Back then, ‘awlays on’ felt like the only way to survive. Every problem became my problem. Every task felt urgent. I was context-switching so fast I’d forget what I’d even started an hour earlier. And when you live like that long enough, it becomes part of your identify. You start believing that being busy is the work.

Life has a way of forcing you to slow down, whether you want to or not. For me, it wasn’t one moment, it was a collection of them. health scares stopped me in my tracks. Becoming a parent and realising my kids didn’t care how many projects I was juggling, just whether I was actually there. Enough years in the trenches to see that chaos isn’t a sign of high performance, it’s a sign your systems aren’t working.

These days I work differently. I believe slow productivity beats chaos every time. Not slow as in lazy, but slow as in deliberate. Doing one thing well, seeing it through and moving on without leaving a trail of half-finished things behind. Building a rythm where deep work can actually happen, where priorities are clear and where the urgent doesn’t constnatly bulldoze the important.

That doesn’t mean chaos doesn’t happen anymore.

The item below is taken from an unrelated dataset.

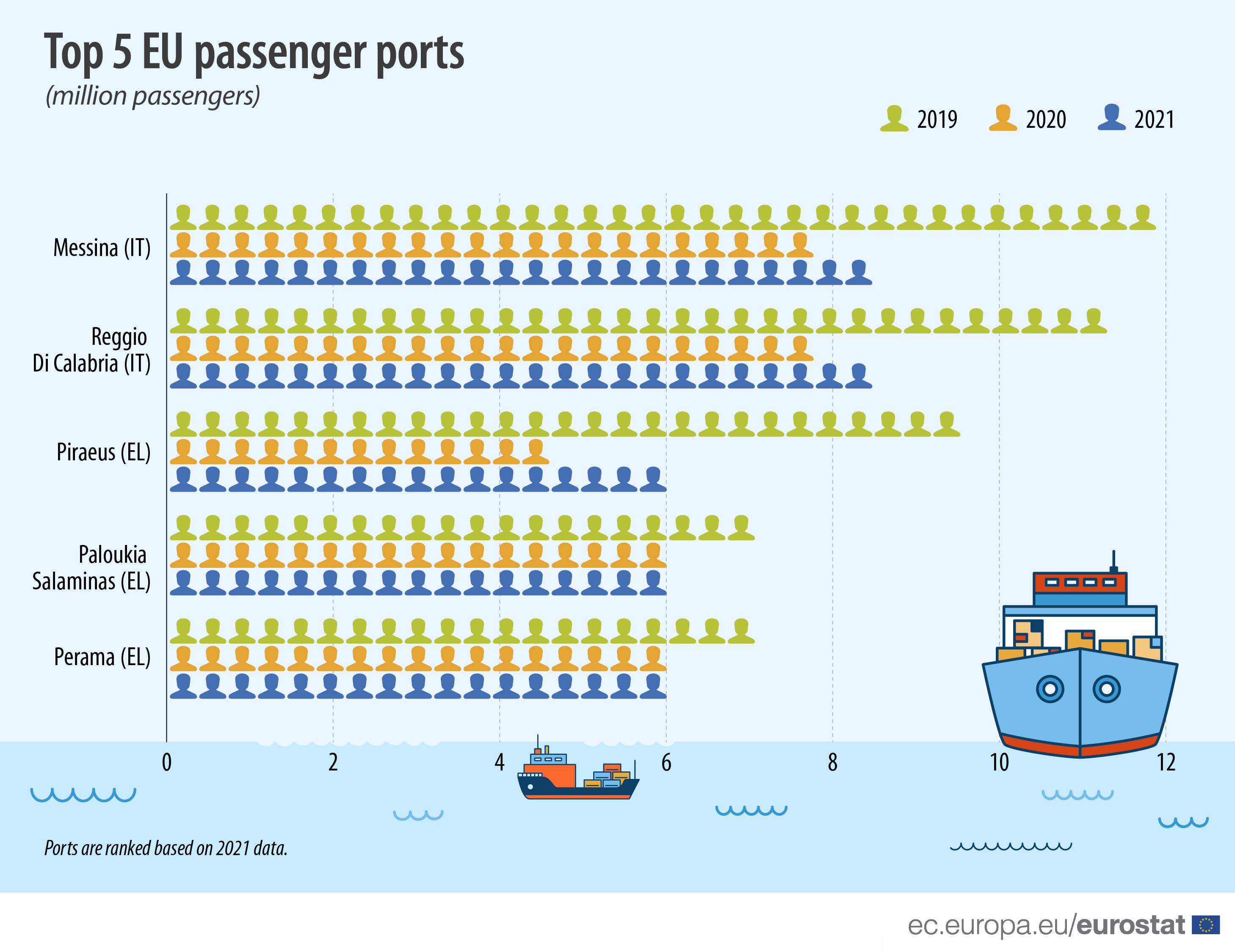 Το λιμάνι της Μεσσήνης στην Ιταλία παρέμεινε το μεγαλύτερο επιβατικό λιμάνι της ΕΕ το 2021, με 8,3 εκατομμύρια επιβάτες. Στη λίστα ακολουθούν το Reggio Di Calabria στην Ιταλία (8,1 εκατομμύρια επιβάτες) και τρία ελληνικά λιμάνια: ο Πειραιάς, τα Παλούκια Σαλαμίνας και το Πέραμα (με 5,9 εκατομμύρια επιβάτες το καθένα).
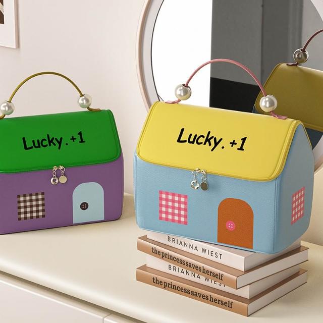 多巴胺房子化妝包分區防水洗漱包化妝品旅行收納袋手提高級感便攜

It does. Something will break. A client will call with a crisis, a system will go down. When it happens, you deal with it. You do what you need to do to get it fixed, and then you go back to slow. The difference now is I don’t live in that heightended, firefighting mode like it’s the norm. Because it’s not; it’s surival mode. And if you say there long enough, it breaks you.

So if I could sit my younger self down and give them one operational life lesson, it would be this: if you’re constantly living in chaos, it’s not a sign you’re impotant, it’s a sign your systems need work. Build the foundation now, learn to slow down, and when things inevitablity hit the fan, hand it, and then reset. Your health, your team and your results will thank you for it.